For loop are nothing more than while loops with:

(1) an assignment (int i = MyControl.TabPages.Count in this case)

(2) an extra command (i-- in this case) added to the end

Sure. Though if we're talking about efficiency, I would imagine that counting backwards would be slightly faster than getting the current count each time. Though in reality this depends on way too many factors - I imagine TabPages would be stored in cache and getting the count is just as fast as counting backwards. Micro-optimization and all that.

Regarding for vs while, I find the choice is important only in the intent they emphasize: while puts emphasis on the condition, whereas for puts the emphasis on the iteration. I think in this case the condition (that the list is not empty) is deserves more emphasis than the iteration through the elements of said list - hence why I find the while version to be more readable. YMMV and all that :)

Exactly. For example in JavaScript doing a something.length would result in re-counting the number of elements, while doing the loop in this style would efficiently store the count in a variable that is fast to access and manipulate. I suppose if you want to be a real optimization junky you'd also use --i instead of i--.

I suppose if you want to be a real optimization junky you'd also use --i instead of i--.

Ten years ago, sure, but nowadays I trust the compiler to do this for me ;-)

That's also what I read of it.

It's TFA's method, except broken (or not fixed, word it as you prefer).

The article's point about writing code that does what it says it does is fine. But as an interview question, I have trouble imagining that candidates won't figure out that this is a game of "guess the answer I'm looking for" and say that they would rewrite this code.

A better question would be, there's tremendous deadline pressure, the company is in imminent danger of losing a giant deal if we don't have working code for some demo, and you have three features to implement by Monday afternoon. Do you write a new feature immediately, open a ticket for refactoring this loop and then write a new feature, or rehearse your explanation to the big boss that over the lifetime of the software, rewriting the code before adding a new feature was more important?


Just kidding, but trying to make the point that "what do you think of this code" is a little obvious as an interview question.

Most do say exactly that, then we have a chat about what they might do instead.
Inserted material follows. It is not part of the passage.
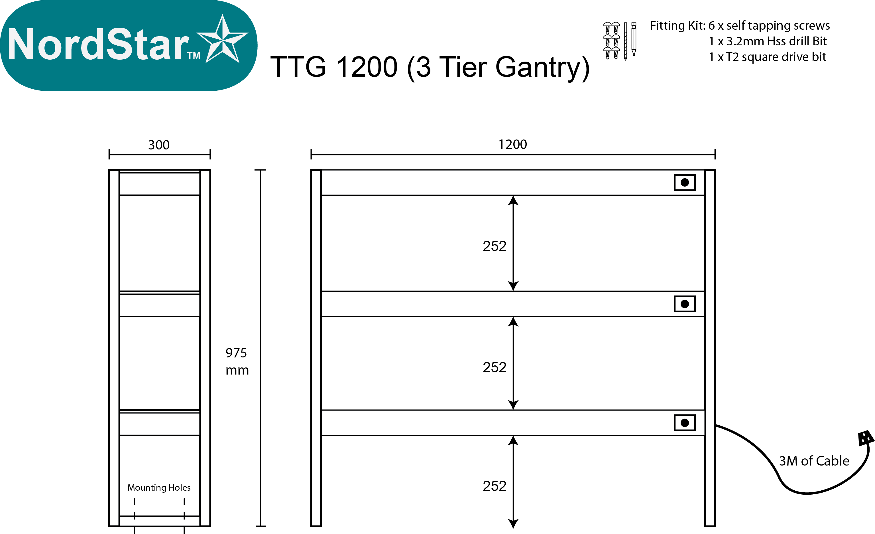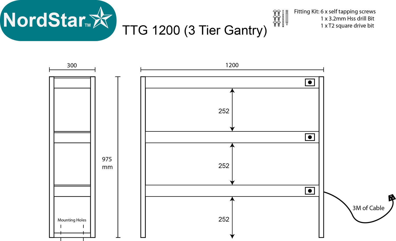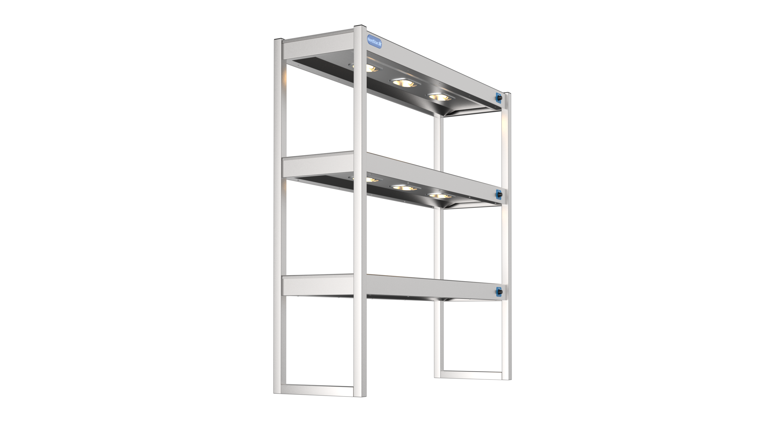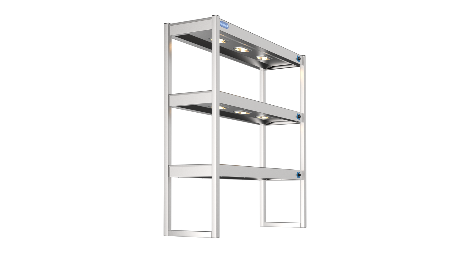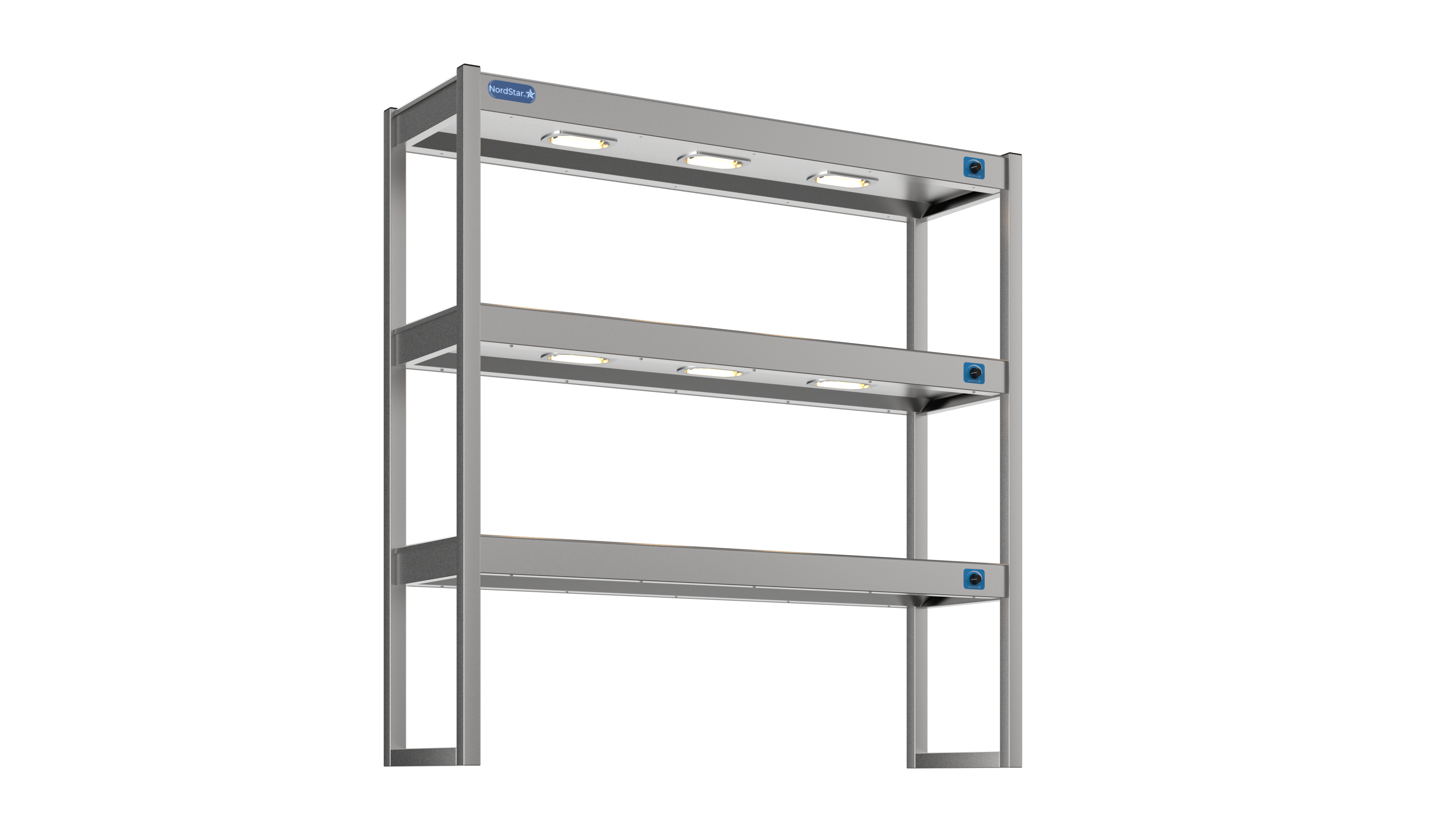 Three Tier Pass Over Gantry 1200mm is a robust over-shelving with 9 x Quartz lamp heating, Cleverly designed offering a strong fully welded stainless steel construction, each tier has a separate dimmer switch for individual control,  Standard lengths are made to suit the NordStar Premier range of hot cupboard and are sold as a combination Hot Cupboard and Gantry Every gantry comes with a fitting kit to fit onto all stainless steel work surfaces, cupboards and fridges. These units are the best things for chefs passes and commonly used in restaurants, takeaways, canteens, care homes and schools.

Many immediately say, "um, is there a Clear or RemoveAll method?!" It's all over within a few minutes, we move on. The bigger picture is always going to trump the details, until the day the details have piled up and can no longer be ignored. It's the great big technical-debt elephant in the room.

I think saying "yes, there's a Clear, but what would you do if there weren't", or "yes, there's a Clear - how would you implement it if you made the library?". Interview questions where the right answer is "I know an API or assume something about it correctly" are stupid, but questions where that is the right answer with a more interesting follow-up are not.

The answer isn't "I know an API or assume something about it correctly". The answer is "Gawd that's fucking awful, I can't believe there's not a clear() method. I'd go look, before reinventing the wheel. And if lib was internal I'd suggest adding the clear() method instead of adding horrible loops all over the code <mentions DRY>. And if 3rd party lib I'd question the quality and if we really should be using that lib".

In otherwords showing confidence, humility, communications, and that they have a clue about quality.

Yes, that would be a great answer, and ideally they get to the part you mentioned about adding it to an internal library, to which the next question is, Ok, you're adding it, how do you write it? My point is merely that it's still worthwhile to see an implementation, rather than moving on when you hear the word "Clear".

Any implementation coded up on the fly, from memory in 30 min or less is crap. I don't want to hire people willing to write crap, so I don task them to.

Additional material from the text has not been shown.